* Exercise goal *
Repeat everything from the first line of the listing below through the line that contains "A collaborative group", exactly. Leave out pictures.

* Collected data *
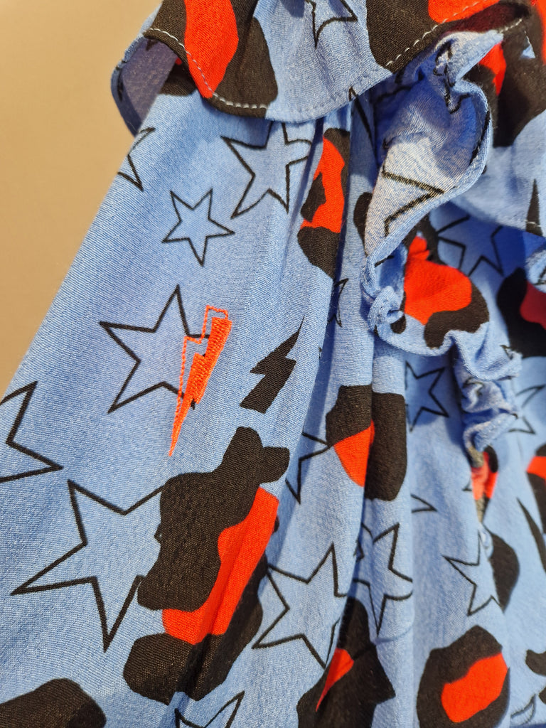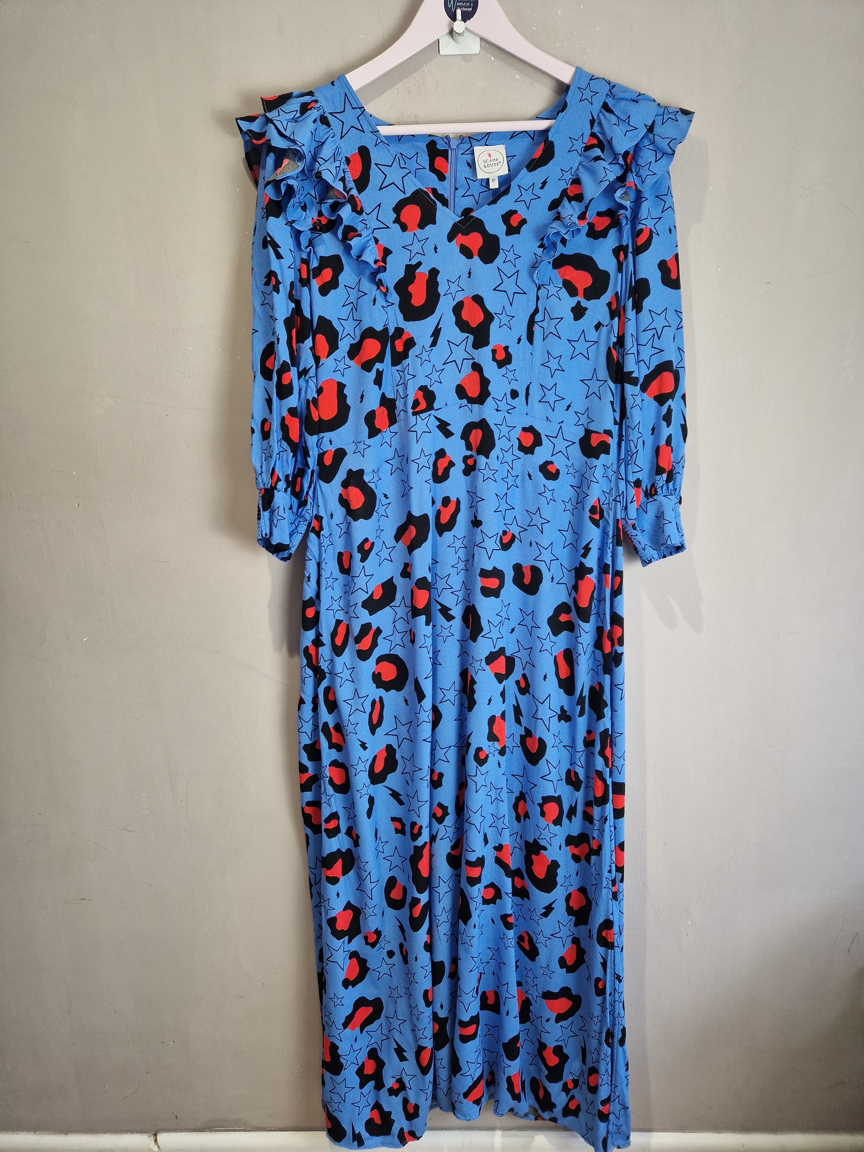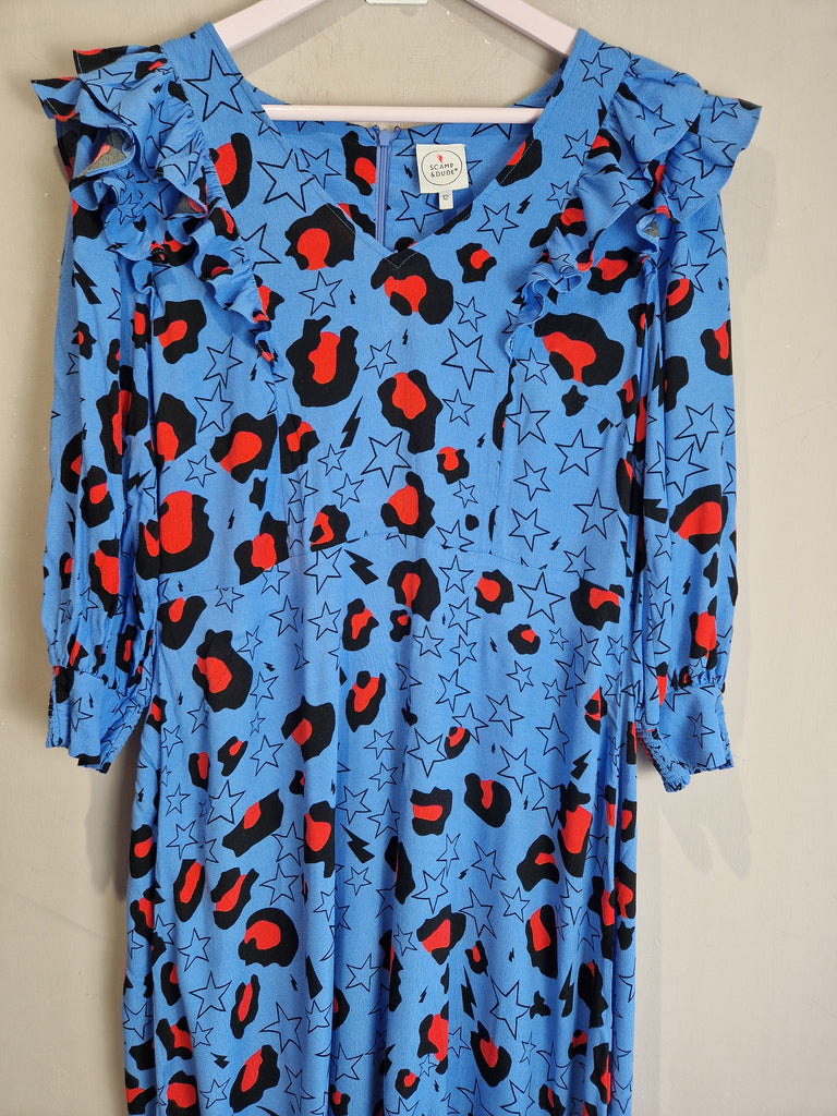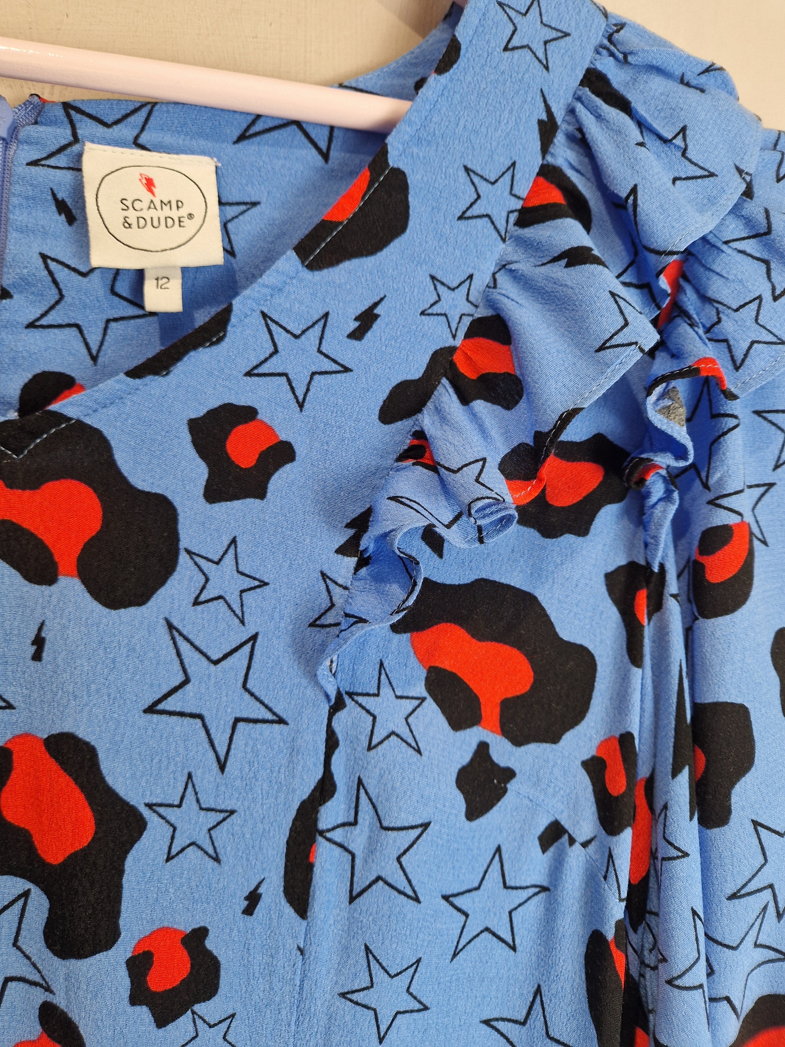 Scamp & Dude blue leopard and star frill dress - size 12 is backordered and will ship as soon as it is back in stock.
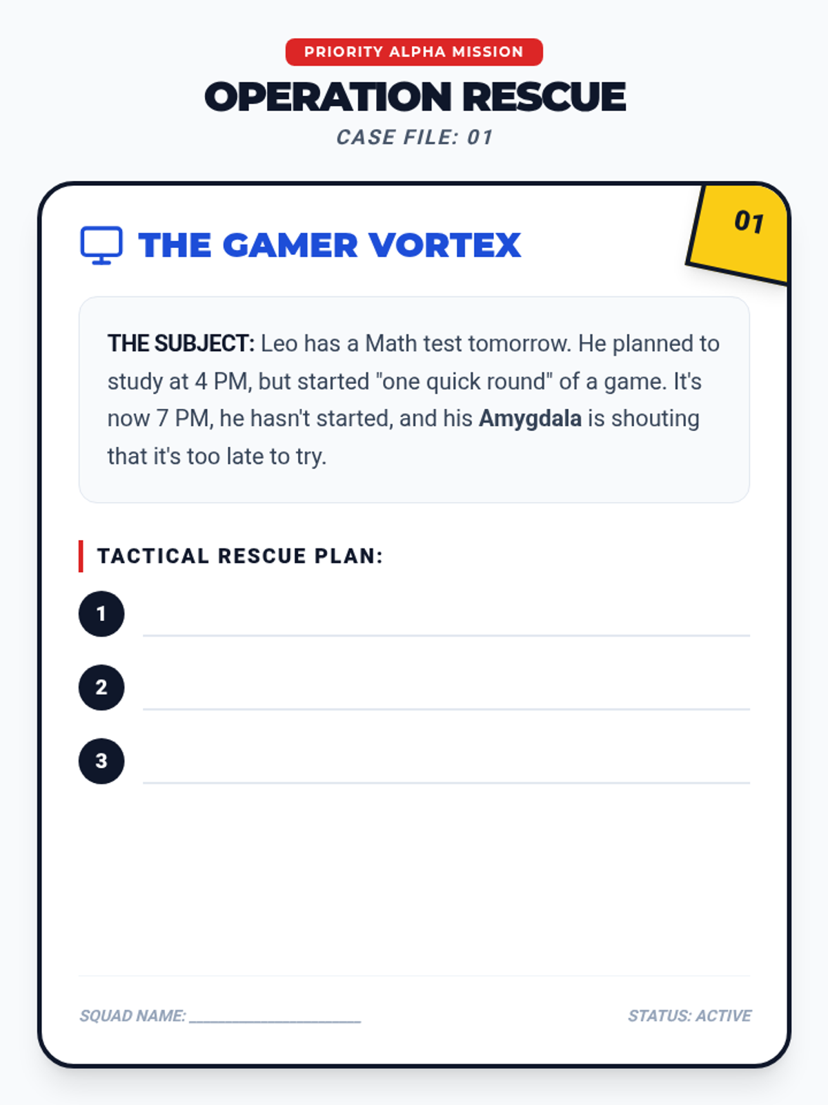 A collaborative group activity where students work in teams to analyze 'Case Files' of procrastination scenarios and create tactical rescue plans using lesson strategies.
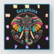 Ein majestätischer Elefant, reich mit aufwändigen Mustern und leuchtenden Farben dekoriert, steht stolz inmitten skurriler Elemente und strahlt Freude und Eleganz in einer spielerischen Feier des Lebens aus.
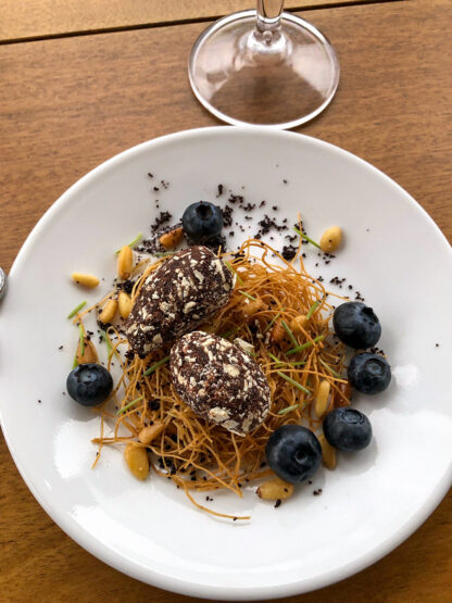 Chocolate truffle eggs in a phyllo nest with Sitka spruce tip syrup. An exuberant and joyful desert.

* Reply to the exercise *
 Scamp & Dude blue leopard and star frill dress - size 12 is backordered and will ship as soon as it is back in stock.
 A collaborative group activity where students work in teams to analyze 'Case Files' of procrastination scenarios and create tactical rescue plans using lesson strategies.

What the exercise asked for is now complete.